19
Oct
2013

WHEN YOU RUN OUT OF INTERNET

The amount of high-speed bandwidth we pay for each month gets used up by around the 15th these days. It’s due to 4 people being online pretty much all their waking hours. One child with a mobile glued to her hand, texting and skyping and instagramming and whatever else she’s doing. Two children listening to Spotify online, searching for music, watching YouTube videos. One husband watching television replays, news, and me…on the computer, checking Facebook, etc. We all check email. We all surf the web. We all rent movies on the Apple TV. It eats up our reservoir and leaves us with a

very

slow

connection.

We could, of course, pay more, but it’s a LOT more, so we just resign ourselves to living as if we were on dial-up for the last half of every month.

It means, among other things, that I’m NOT online as much as I might be in the first 15 days…I don’t watch videos or check my friends list, or read the blog entries of people whose writing I love, or click on links that I know will take ages to download. It’s frustrating, but it’s how we live now. It used be just me, monopolizing the ether of the cyberspace. I could spend hours reading blogs, commenting, starting conversations, browsing art sites, …not now.

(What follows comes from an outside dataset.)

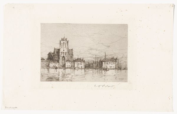 Curator: Here we have "Gezicht op de Nieuwe Haven in Dordrecht," or "View of the New Harbor in Dordrecht," an etching by Willem Witsen, created around 1899-1900. It’s currently held here at the Rijksmuseum. Editor: It's quite striking. There's a stillness, almost a solemnity to the scene despite it depicting a bustling harbor. The muted tones emphasize the water and the way it reflects the city’s architecture. Curator: Witsen was deeply embedded in the art circles of his time, particularly the Amsterdam Impressionists. This work reflects a fascination with capturing atmospheric effects, much like his contemporaries. He also came from a position of wealth, with connections that helped him gain exposure in prestigious venues, playing an active role in promoting art. Editor: Yes, the etching technique is masterful. The use of line and shadow gives the buildings, especially the church tower, a sense of age and permanence. The tower looming over the scene almost evokes a feeling of spiritual watchfulness over the city, a symbol of endurance, reflecting the cultural memory embedded within the city’s visual identity. Curator: Dordrecht has always been a strategically and economically important city in the Netherlands, playing a role in major historical moments and Witsen’s decision to portray it isn’t accidental. Such scenes cemented ideas of Dutch identity, offering reassuring imagery to a nation grappling with modernization and shifting social structures. Editor: And the water, constantly in flux, mirrors the changing nature of time and history, a reflective surface showing a slightly distorted but nonetheless present reality. I read the composition also as speaking to Dordrecht as a site of transition and connectivity through the maritime activities. Curator: Precisely. Witsen’s composition frames the city from across the water, and this emphasizes its role as a trade hub, connecting Dordrecht to wider economic networks. Editor: I find that the beauty in such art pieces stems from the quiet contemplation it invites. It reveals how much depth is contained within seemingly simple representations of our surroundings. Curator: Indeed. And exploring it highlights art's enduring relevance, particularly in interpreting the forces that shape our environment, our history, and our identity.
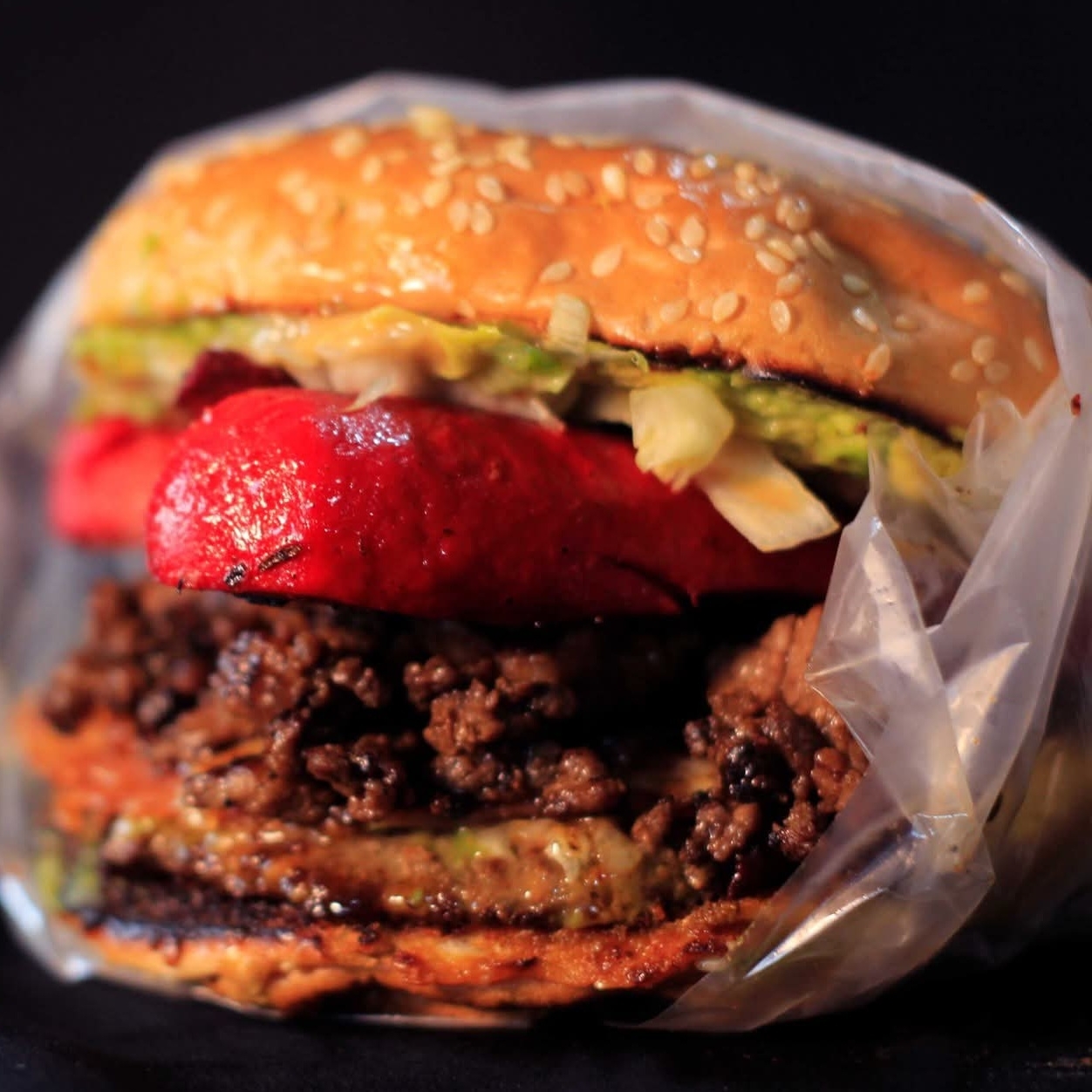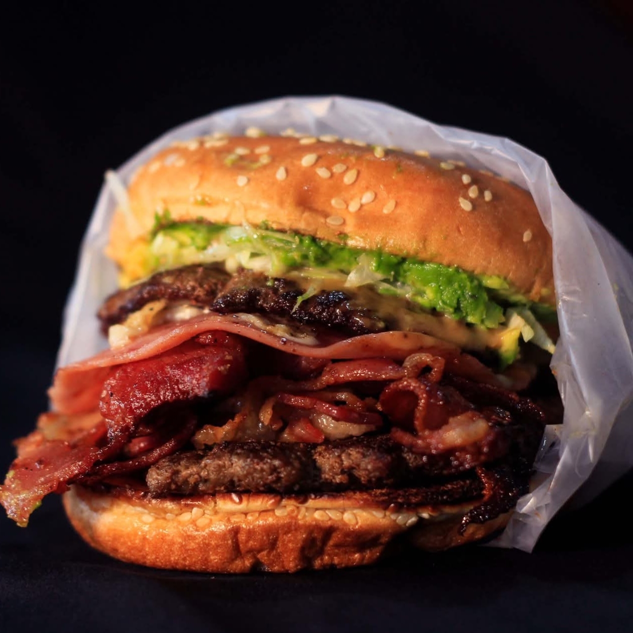 Pan, aguacate, doble carne sirloin, winnie, lechuga, jamón, queso blanco, mayonesa, mostaza, catsup y pepinillos.

When you run out of Internet, you have to find other ways to amuse yourself than the ones that have become de facto. You read books. You watch DVDs. You play games or clean house or maybe you nap. Sometimes you might let yourself wish for the good old days when the kids were small and only played PC games that didn’t require online access or 7 kronor receipts from iTunes. And sometimes you might catch yourself looking forward to the days when you’ll have that high-speed bandwidth all to yourself again…but only for a second because the payoff isn’t really worth it if even it’s expected and how the world works and then all you’ll be able to think about for ages afterwards is how lonely the house will be when there aren’t four people in it spending all their time using up the Internet together.